问题
The problem I am trying to address arises with making containers such as an std::vector
of objects that contain reference and const data members:
struct Foo;
struct Bar {
Bar (Foo & foo, int num) : foo_reference(foo), number(num) {}
private:
Foo & foo_reference;
const int number;
// Mutable member data elided
};
struct Baz {
std::vector<Bar> bar_vector;
};
This won't work as-is because the default assignment operator for class Foo
can't be built due to the reference member foo_reference
and const member number
.
One solution is to change that foo_reference
to a pointer and get rid of the const
keyword. This however loses the advantages of references over pointers, and that const
member really should be const
. They are private members, so the only thing that can do harm is my own code, but I have shot myself in the foot (or higher) with my own code.
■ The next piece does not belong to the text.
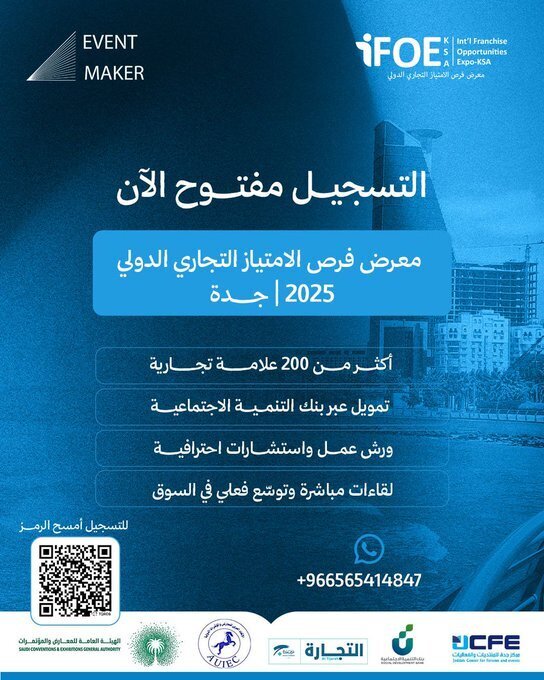 في خطوة تعكس النمو المتسارع لسوق الامتياز التجاري في المملكة، تستعد مدينة جدة لاستقبال النسخة الثالثة من معرض فرص الامتياز التجاري الدولي (IFOE)، وذلك خلال الفترة من 2 إلى 4 سبتمبر 2025 في مركز جدة للمعارض والمؤتمرات.

I've seen solutions to this problem on the web in the form of swap
methods that appear to be chock full of undefined behavior based on the wonders of reinterpret_cast
and const_cast
. It happens that those techniques do appear to work on my computer. Today. With one particular version of one particular compiler. Tomorrow, or with a different compiler? Who knows. I am not going to use a solution that relies on undefined behavior.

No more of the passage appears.